Liu Ji-Long, Sung Li-Ying, Tian X Cindy, Yang Xiangzhong
Department of Animal Science, University of Connecticut, Storrs 06269, USA.
Biol Reprod. 2002 Dec;67(6):1853-63. doi: 10.1095/biolreprod.102.005694.
A previous study showed that with hypertonic sucrose treatment, a projection is formed in mouse metaphase II (MII) oocytes in proximity to the spindle and chromosomes, where a polarized cortical domain is located. However, little is known about the mechanisms involved in this process. Here, we designed a series of experiments to test the hypothesis that hypertonicity is the induction factor for the formation of projections in mouse MII oocytes. Our hypothesis was supported by the following evidence: 1) different concentrations of sucrose affected the formation and shape of projections, whereas serum or basic media had little effect; 2) other hypertonic sugar solutions could also induce projection formation; and 3) projections could also be induced by hypertonic NaCl solution. We then tested the hypothesis that the cytoskeleton was involved in the formation of hypertonicity-induced projections. This was investigated by culturing MII- and germinal vesicle-stage mouse oocytes in the presence or absence of cytoskeletal inhibitors, including cytochalasin B (disruption of actin filaments), nocodazole (disruption of microtubules), and taxol (polymerization of tubulin molecules). We found that none of the cytoskeletal inhibitors alone could prevent hypertonicity-induced projection formation, whereas the combination of cytochalasin B with nocodazole or with taxol blocked the formation of these projections in most matured oocytes. When immature oocytes were incubated in cytochalasin B, but not in nocodazole or taxol, the formation of an actin-rich domain and the peripheral positioning of the spindle were blocked during maturation; hence, no projections were formed, even after hypertonic sucrose treatment. Based on these observations, we propose that three components are necessary for projection formation: 1) a polarized cortical patch (e.g., an actin-rich domain), 2) rigid submembrane structures (e.g., a spindle and/or chromosomes), and 3) solid connections between the above. Any disturbance of one of these factors will affect the hypertonicity-induced projection formation. Hypertonicity-induced projection in mouse oocytes thus provides an experimental model for studies regarding cell polarity and the interaction between membrane and submembrane components.
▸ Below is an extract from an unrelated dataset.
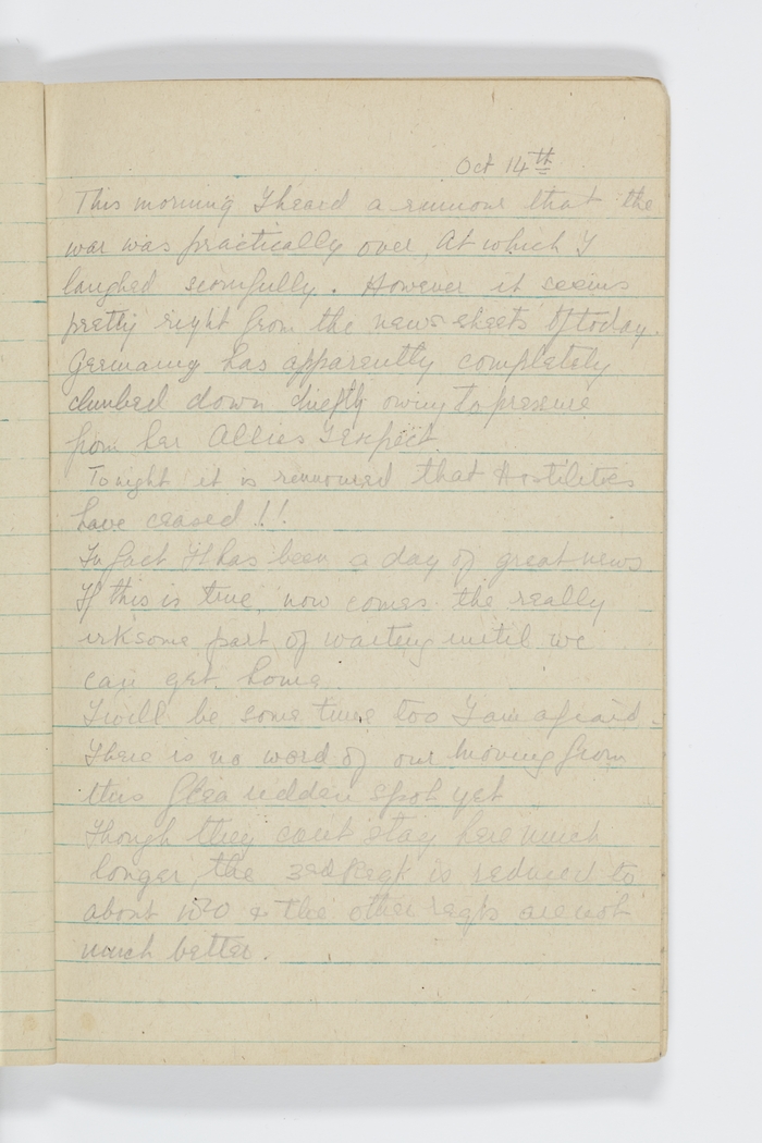 This morning I heard a rumour that the war was practically over. At which I laughed scornfully. However it seems pretty right from the news sheets of today. Germany has apparently completely climbed down chiefly owing to pressure from her Allies I expect.

先前的一项研究表明,用高渗蔗糖处理时,在小鼠中期II(MII)卵母细胞中靠近纺锤体和染色体的位置会形成一个突起,此处是极化皮质区域所在之处。然而,对于这一过程涉及的机制知之甚少。在此,我们设计了一系列实验来检验高渗性是小鼠MII卵母细胞中突起形成的诱导因子这一假说。我们的假说得到了以下证据的支持:1)不同浓度的蔗糖会影响突起的形成和形状,而血清或基础培养基影响很小;2)其他高渗糖溶液也能诱导突起形成;3)高渗氯化钠溶液也能诱导突起形成。然后,我们检验了细胞骨架参与高渗诱导突起形成的假说。通过在有或没有细胞骨架抑制剂的情况下培养MII期和生发泡期小鼠卵母细胞来对此进行研究,这些抑制剂包括细胞松弛素B(破坏肌动蛋白丝)、诺考达唑(破坏微管)和紫杉醇(微管蛋白分子聚合)。我们发现,单独一种细胞骨架抑制剂都不能阻止高渗诱导的突起形成,而细胞松弛素B与诺考达唑或与紫杉醇联合使用则能在大多数成熟卵母细胞中阻止这些突起的形成。当未成熟卵母细胞在细胞松弛素B中孵育时,但在诺考达唑或紫杉醇中未孵育时,在成熟过程中富含肌动蛋白区域的形成和纺锤体的外周定位会被阻断;因此,即使经过高渗蔗糖处理也不会形成突起。基于这些观察结果,我们提出突起形成需要三个成分:1)一个极化皮质斑(例如,富含肌动蛋白的区域),2)刚性的膜下结构(例如,纺锤体和/或染色体),以及3)上述两者之间的牢固连接。这些因素中的任何一个受到干扰都会影响高渗诱导的突起形成。因此,小鼠卵母细胞中的高渗诱导突起为研究细胞极性以及膜与膜下成分之间的相互作用提供了一个实验模型。